Content starts

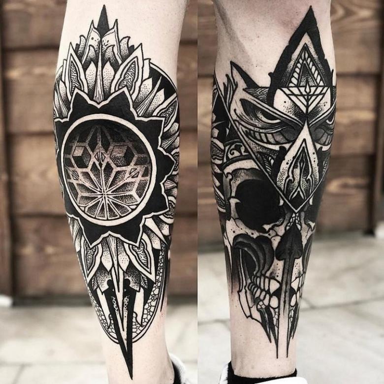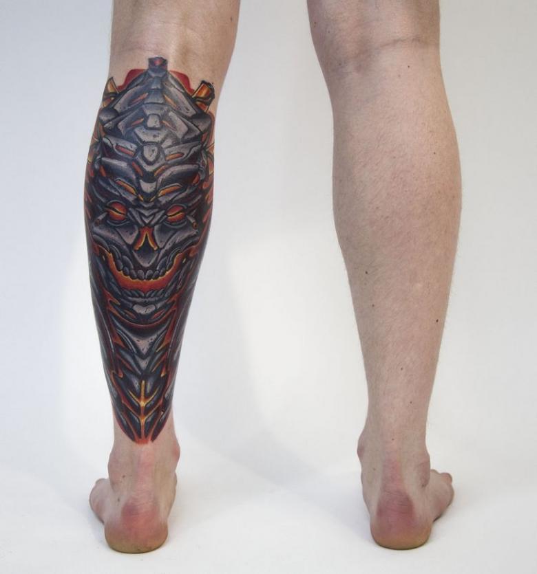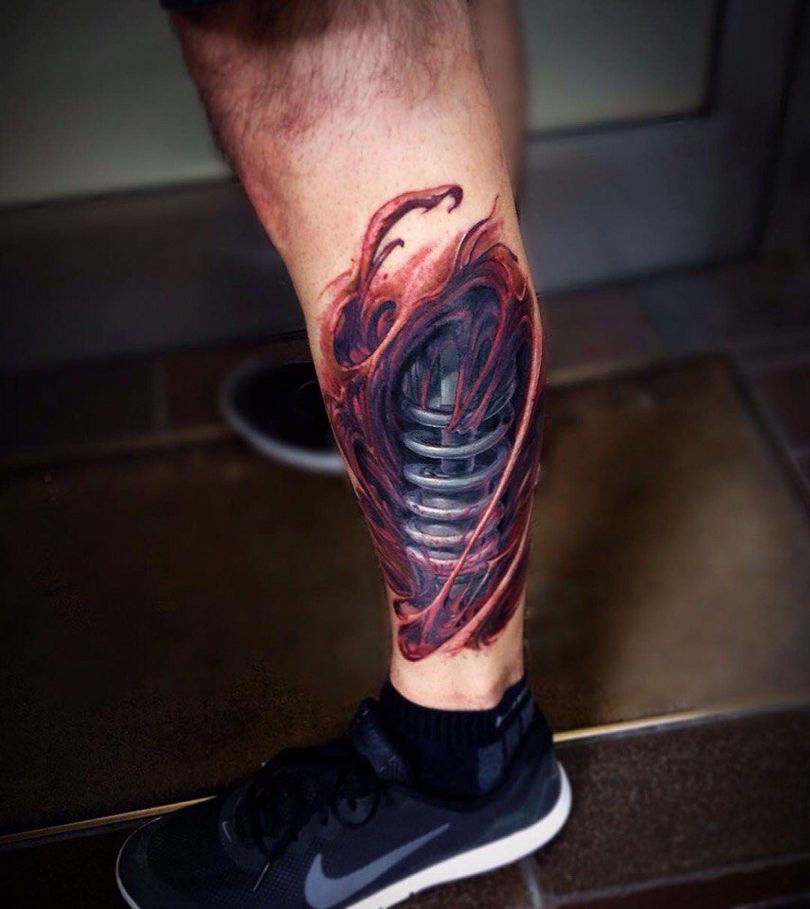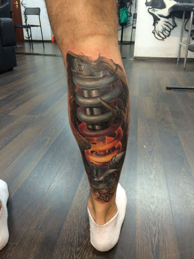 Une surface de peau suffisamment grande pour permettre un tatouage à grande échelle. La rondeur des mollets est une excellente base pour les dessins tridimensionnels et les compositions en 3D. Les veaux représentent la stabilité d'une personne, son soutien. En même temps, ils ne sont pas dépourvus de dynamique et de mouvement. C'est l'occasion d'aborder un thème de tatouage très populaire aujourd'hui : la biomécanique.
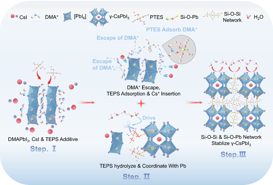 针对这一问题,本研究引入丙基三乙氧基硅烷(PTES)作为多功能添加剂,构建湿度响应型原位交联网络。在高湿空气中,PTES可水解生成Si–OH中间体,一方面与DMAPbI3中间相中的DMA+发生优先吸附作用,加速DMA⁺脱附并促进Cs+嵌入[PbI6]4−骨架,显著优化Cs+/DMA+离子交换动力学;另一方面,通过形成Si–O–Si与Si–O–Pb交联结构,对晶格进行原位加固,降低碘空位密度并抑制水分进一步侵入,实现“利用湿度而非对抗湿度”的结晶调控机制。
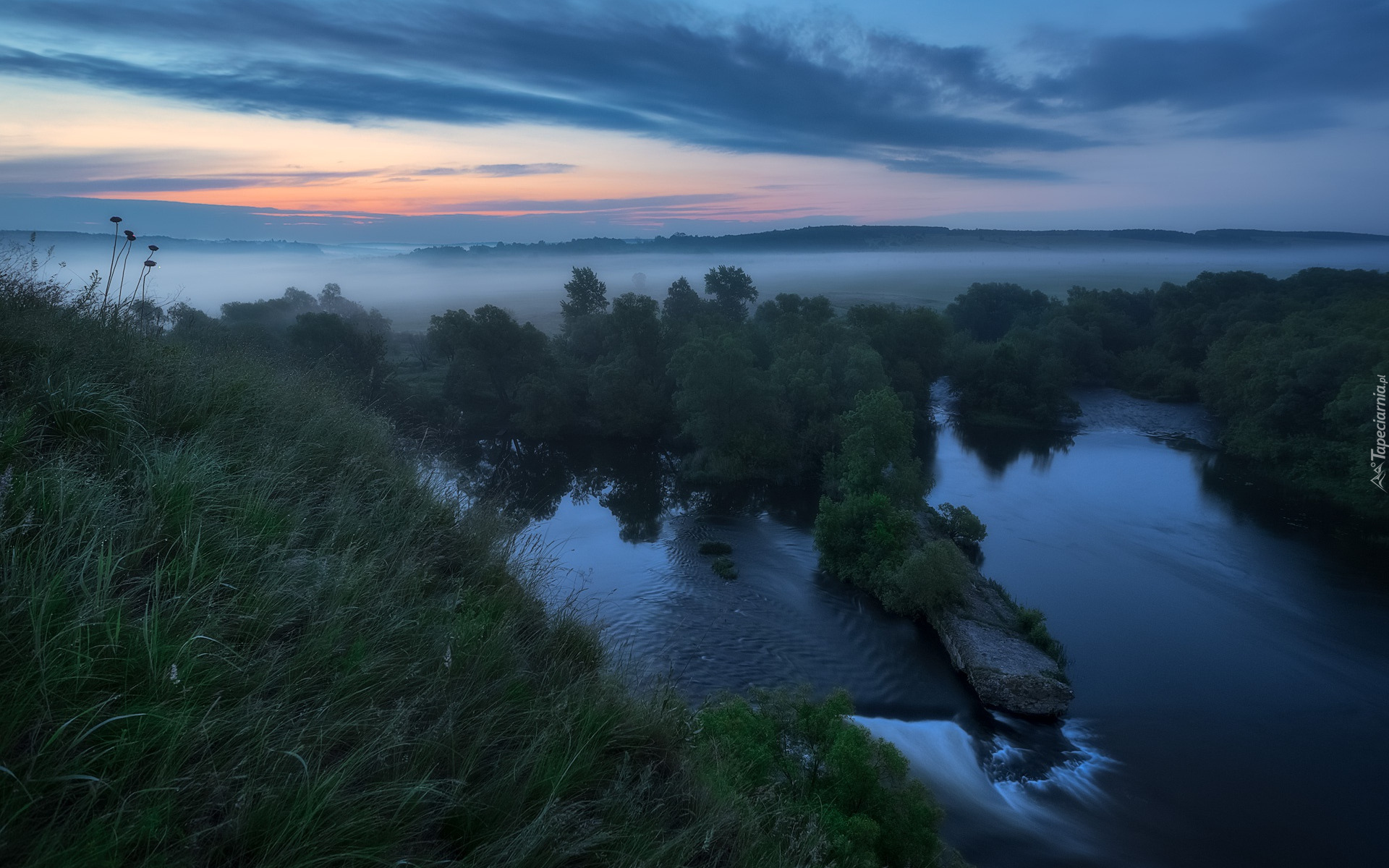 Edytor tapety: Mgła nad drzewami i rzeką
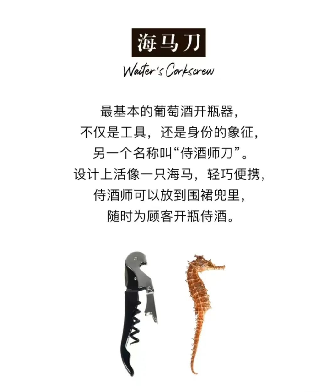 海马刀因为折叠状态下的酒刀外形酷似海马所以被称作“海马刀”。
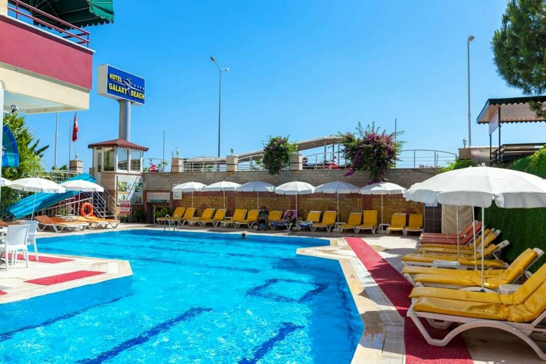 Пляжный отель в Алании 4 звезды на первой линии впервые был открыт в 2002 году, где в 2015 году была проведена последняя масштабная реновация. На небольшой территории площадью 3800 м2 находится два пятиэтажных корпуса, насчитывающих 116 комфортабельных стандартных номеров. Комнаты выполнены в приятных бирюзово-белых оттенках, из 75 открывается великолепный вид на море. Питание гостей производится в основном ресторане, а в барах на протяжении всего дня подают освежающие и горячие напитки. В свободное время отправьтесь позагорать на частный пляж или на террасу возле бассейна, после чего сыграйте партию в настольный теннис или уделите себе внимание, отправившись на массаж. Также, всего в 14 км от отеля находится центр Алании с его исторической крепостью, Кызыл Куле (Красной башней) и пещерой Дамлаташ. Любителям спокойного отдыха стоит посетить живописный парк Махмутлара или прогуляться вдоль набережной, заглядывая в уютные кафе. Поблизости находятся магазины, рынок и рестораны с местной кухней, что будет особенно оценено гурманами. Для молодоженов, проводящих в отеле медовый месяц, действуют специальные предложения, о которых расскажет администратор. В отзывах о Galaxy Beach Hotel туристы часто отмечают приветливость персонала, вкусное и полноценное питание, а также чистоту территории и номеров.

Content ends

## DIRECTIONS
Copy every record character for character. Skip the pictures.

## EXERCISE RESULT
 Une surface de peau suffisamment grande pour permettre un tatouage à grande échelle. La rondeur des mollets est une excellente base pour les dessins tridimensionnels et les compositions en 3D. Les veaux représentent la stabilité d'une personne, son soutien. En même temps, ils ne sont pas dépourvus de dynamique et de mouvement. C'est l'occasion d'aborder un thème de tatouage très populaire aujourd'hui : la biomécanique.
 针对这一问题,本研究引入丙基三乙氧基硅烷(PTES)作为多功能添加剂,构建湿度响应型原位交联网络。在高湿空气中,PTES可水解生成Si–OH中间体,一方面与DMAPbI3中间相中的DMA+发生优先吸附作用,加速DMA⁺脱附并促进Cs+嵌入[PbI6]4−骨架,显著优化Cs+/DMA+离子交换动力学;另一方面,通过形成Si–O–Si与Si–O–Pb交联结构,对晶格进行原位加固,降低碘空位密度并抑制水分进一步侵入,实现“利用湿度而非对抗湿度”的结晶调控机制。
 Edytor tapety: Mgła nad drzewami i rzeką
 海马刀因为折叠状态下的酒刀外形酷似海马所以被称作“海马刀”。
 Пляжный отель в Алании 4 звезды на первой линии впервые был открыт в 2002 году, где в 2015 году была проведена последняя масштабная реновация. На небольшой территории площадью 3800 м2 находится два пятиэтажных корпуса, насчитывающих 116 комфортабельных стандартных номеров. Комнаты выполнены в приятных бирюзово-белых оттенках, из 75 открывается великолепный вид на море. Питание гостей производится в основном ресторане, а в барах на протяжении всего дня подают освежающие и горячие напитки. В свободное время отправьтесь позагорать на частный пляж или на террасу возле бассейна, после чего сыграйте партию в настольный теннис или уделите себе внимание, отправившись на массаж. Также, всего в 14 км от отеля находится центр Алании с его исторической крепостью, Кызыл Куле (Красной башней) и пещерой Дамлаташ. Любителям спокойного отдыха стоит посетить живописный парк Махмутлара или прогуляться вдоль набережной, заглядывая в уютные кафе. Поблизости находятся магазины, рынок и рестораны с местной кухней, что будет особенно оценено гурманами. Для молодоженов, проводящих в отеле медовый месяц, действуют специальные предложения, о которых расскажет администратор. В отзывах о Galaxy Beach Hotel туристы часто отмечают приветливость персонала, вкусное и полноценное питание, а также чистоту территории и номеров.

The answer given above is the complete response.